Giuliani's client roster could hurt '08 hopes

David Saltonstall
New York Daily News

NEW YORK - Rudy Giuliani never shrank from defending his image as mayor, but as a businessman he's gone a step further - even trademarking his own name, the New York Daily News has learned.

The unusual step, revealed in a recent Giuliani company contract obtained by The News, states under the heading "Use of Mr. Giuliani's Name" that the "trade names and trademarks `Rudolph Giuliani,' or `Giuliani Partners LLC' ... shall not be used ... without prior written consent."

Doing anything that "tarnishes, degrades, disparages or reflects adversely on the Giuliani" name, it adds, will be grounds for terminating the contract.

As Giuliani now ponders a run for the White House, the document underscores what has become a central question of his candidacy - how will the former mayor's roster of mostly private business clients play when viewed through the harsh prism of presidential campaign politics?

It is clearly something the mayor's own people are worried about: In a list of potential "problems" written inside a Giuliani campaign dossier and obtained by The News recently from a source sympathetic to a rival campaign, the word "business" appears at the top of the list, above even his ex-wife, Donna Hanover.

Apparently, Giuliani's own aides are already imagining the negative ads that could spring from his business dealings.

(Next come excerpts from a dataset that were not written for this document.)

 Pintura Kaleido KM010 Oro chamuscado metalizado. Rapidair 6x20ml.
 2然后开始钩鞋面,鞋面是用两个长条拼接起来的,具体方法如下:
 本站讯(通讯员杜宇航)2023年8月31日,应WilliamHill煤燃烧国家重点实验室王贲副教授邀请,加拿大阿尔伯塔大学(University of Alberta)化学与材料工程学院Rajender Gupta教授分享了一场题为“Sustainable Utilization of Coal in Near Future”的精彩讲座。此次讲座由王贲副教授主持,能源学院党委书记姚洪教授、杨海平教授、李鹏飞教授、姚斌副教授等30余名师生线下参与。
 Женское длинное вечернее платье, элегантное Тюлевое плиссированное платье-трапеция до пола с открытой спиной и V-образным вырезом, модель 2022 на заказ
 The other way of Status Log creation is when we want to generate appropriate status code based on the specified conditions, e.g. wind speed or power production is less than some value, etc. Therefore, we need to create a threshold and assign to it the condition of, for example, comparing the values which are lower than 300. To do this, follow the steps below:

In the five years that Giuliani has worked in the private sector, his clients have run the gamut, from gambling interests like the National Thoroughbred Racing Association, which may further trouble Christian conservative voters, to large power-generators like the Atlanta-based Southern Co., which environmentalists regard as among the worst polluters in the nation.

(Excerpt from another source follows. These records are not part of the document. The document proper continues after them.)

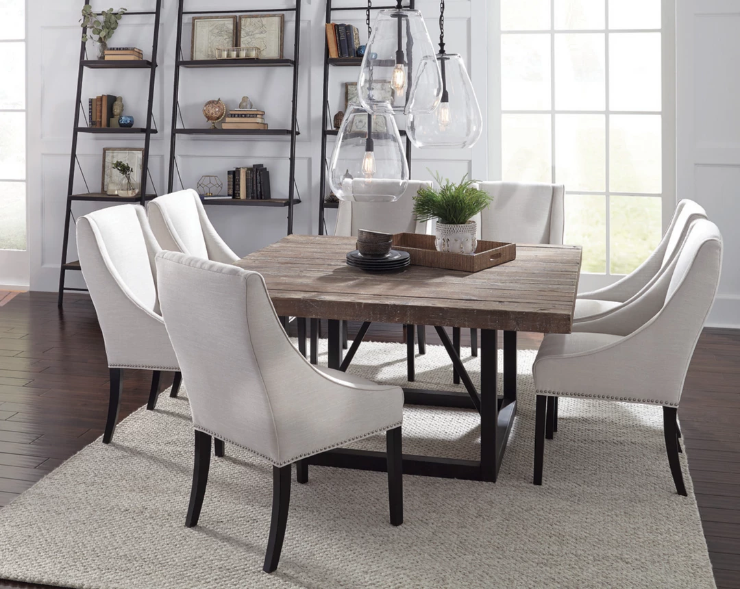 Our artisans achieve the rustic look of our Messina Square Dining Table by coupling sustainable, plantation-grown pine wood with durable iron. The result is beautifully handcrafted mixed media furniture that adds warmth to any dining room.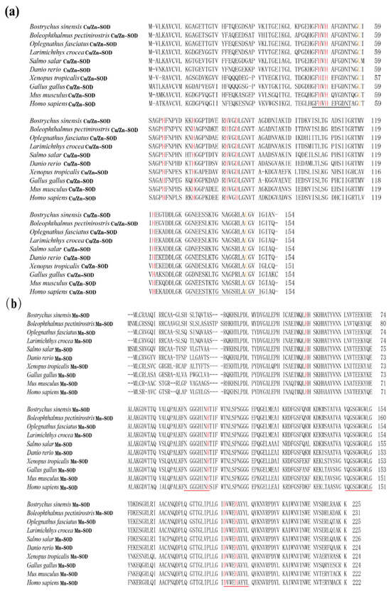 The Chinese black sleeper (Bostrychus sinensis) is an economically significant marine aquaculture fish species in the southeastern coastal regions of China. Nowadays, this species is gradually becoming an important mariculture fish in the coastal areas of Zhejiang, Fujian, Guangdong, and Guangxi provinces in China [10]. However, with the growing scale of aquaculture, the Chinese black sleeper has been adversely affected by various environmental pollutants, leading to significant economic losses. Therefore, gaining a deeper understanding of the mechanisms underlying the immune response of B. sinensis to pathogen infections will aid in the development of strategies for disease management and contribute to the healthy growth of the mariculture industry for this fish species. In this study, we identified two SODs of B. sinensis, BsCu/Zn-SOD and BsMn-SOD, and analyzed their expression profiles in the Chinese black sleeper under cadmium stress and immune challenges.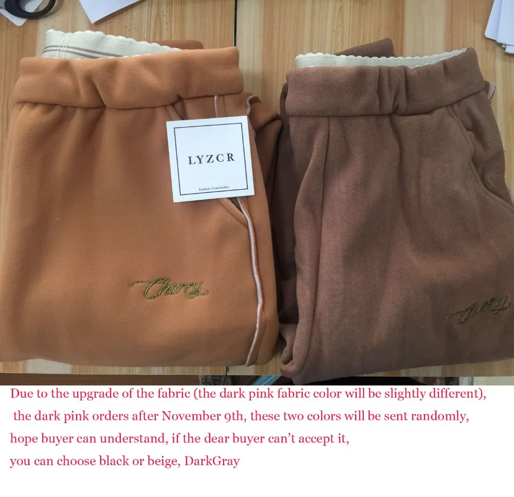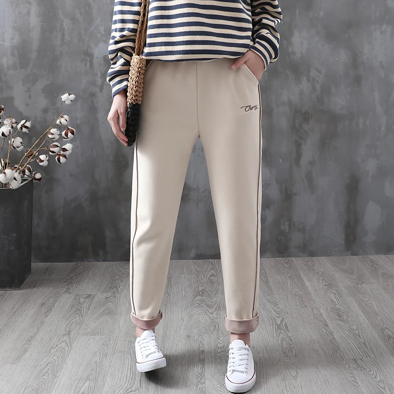 Очень понравились. Выполнены из интересного материала, бархатистые и приятные. В составе на ярлыке указывают всё в иероглифах, в описании товара на али - полиэстер и шерсть. Не знаю, что там на самом деле, но тактильно это какая-то имитация фетра сверху и бархата/велюра изнутри. Но я тот еще спец в тканях Материал мнется, отпаривается с трудом. Я правда пыталась, хоть по фото моих усилий и не видно )) На выбор 4 расцветки, это бежевый вариант. Оттенок совпадает с промофото. Изнанка у всех розовая. Размерный ряд широкий: S-XXXL. На сестре размер L на ОБ~99см. Размер подошел. На рост 165 длина укорочена, так что девушкам выше вряд ли подойдут ) На талии широкая эластичная резинка. Есть боковые кармашки. Швы по бокам похожи на лампасы. Нет никаких декоративных элементов, только маленькая надпись-вышивка. Качество хорошее. Не было дефектов, посторонних запахов или других недочетов. Доставка заняла менее 2х недель до Томской области. Упаковка - инди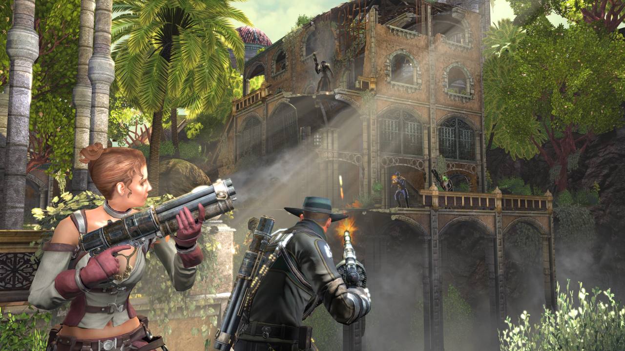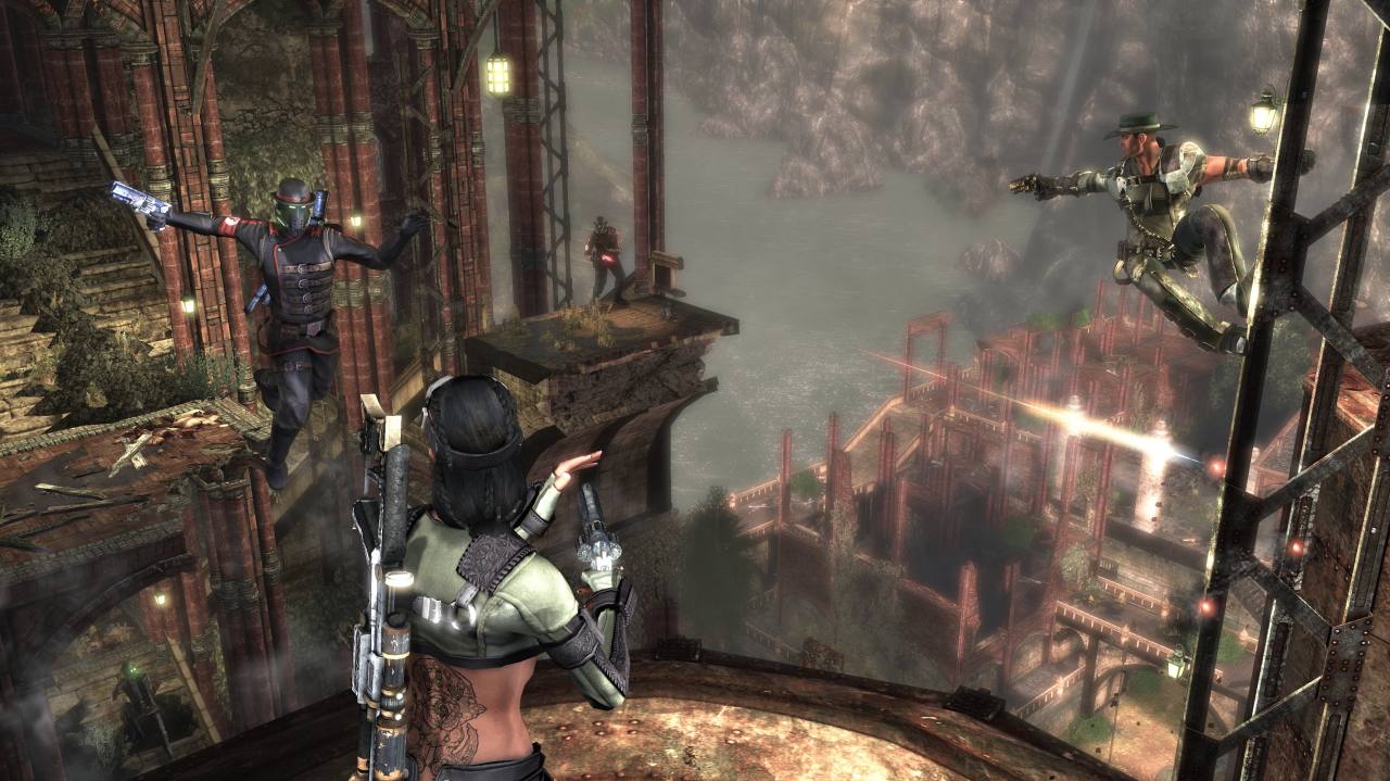 La maggior parte del tempo, lo passeremo ad estrarre e rinfilare la pistola (o comunque l'arma scelta), dalla fondina, sparando su avversari dotati di un quoziente intellettivo a dir poco deprimente. Quando non saremo impegnati a far saltare le cervella androidi dei nemici, saremo chiamati a saltare, letteralmente, di palo in frasca sui vari punti dell'ambientazione dove ci troveremo a muoverci, come dei novelli Spider-Man, in una sorta di brutta rivisitazione di un immortale classico del passato, ovvero Donkey-Kong. E, se è innegabile che il background possa in qualche misura avere il suo fascino, il tutto è stato malamente rovinato da una realizzazione tecnica ben al di sotto degli standard, sia sul piano grafico, che su quello sonoro.Il nostro alter-ego risponde al nome di Hamilton Rourke : ci troviamo in un diciannovesimo secolo alternativo dove, nel pieno di una guerra civile, robot a vapore e armi tecnologiche sono a disposizione delle fazioni in lotta. Il cattivo di turno, tale Prescott (qualcuno ha visto il film “Il segreto del mio successo”? I due “malvagi” hanno in comune nome e carisma...), è salito al potere grazie al denaro e alla violenza, schiacciando il popolo sotto un giogo di schiavismo e abusi.

He has lent his name to every corner of the energy industry - representing nuclear, oil and natural gas concerns - and worked with the pharmaceutical industry to keep cheap prescription drugs from flowing into the U.S. from Canada.

And that's just what is publicly known.

Giuliani Partners and its subsidiaries are all privately held companies, and the former mayor has refused to release a full client list - making a clear analysis of his net worth impossible, and very likely raising disclosure questions, should he run for president.

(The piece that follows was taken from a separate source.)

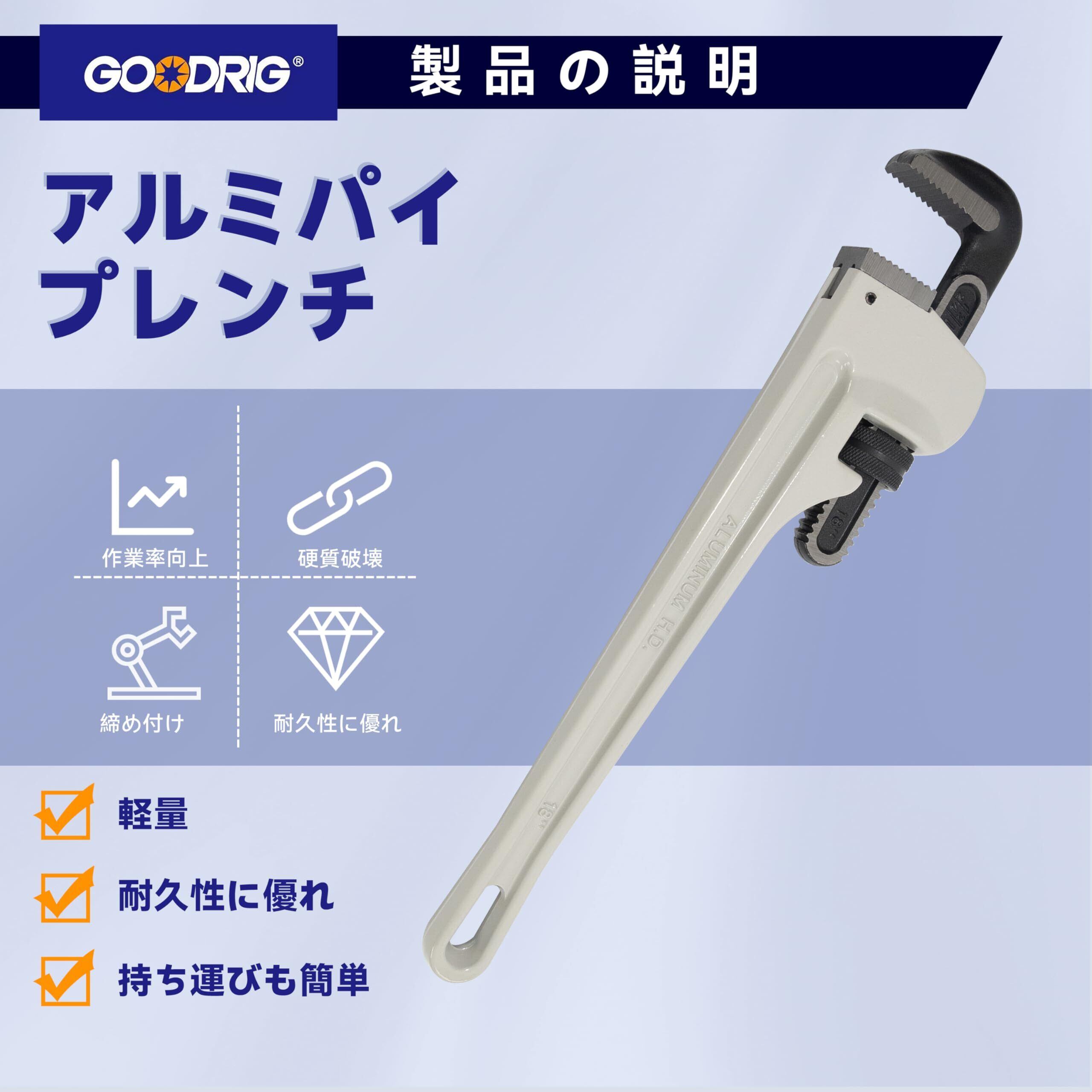 【材質】アルミ製、耐久性に優れ、軽量で持ち運びも簡単です。 【鋸歯状のジョー】パイプレンチには鋸歯状のジョーと調整可能なナットがあり、セルフクリーニング・スレッドをカバーし、フック・プライヤーとスプリング・コンポーネントを置き換えることができます。でも、このレンチをハンマーとして使用することはお勧めしません。 【作業率向上】握りやすいハンドルで、全体的な調整が迅速になり、作業率がアップしています。 【適用】パイプレンチは、さまざまな形のねじ込み管を締めたり、緩めたりするのに適しており、住宅の配管作業やメンテナンスに使用しています。

"We are reviewing that right now," Giuliani spokeswoman Sunny Mindel said when asked if the former mayor planned to release his client list. "But I would reiterate that voters are sophisticated enough to distinguish between public sector and private sector, and they know leadership when they see it."

Forbes magazine estimates that the mayor's companies have reaped "tens of millions of dollars" in contracts, to say nothing of the mayor's estimated $8 million in annual speaking fees and his $3 million in book advances.

His empire includes the flagship Giuliani Partners LLC, a corporate consulting firm, and Giuliani Safety & Security, which has provided security advice to everyone from the Indian Point nuclear power plant in Westchester County to the government-backed Asian Games in Qatar, a Middle East emirate.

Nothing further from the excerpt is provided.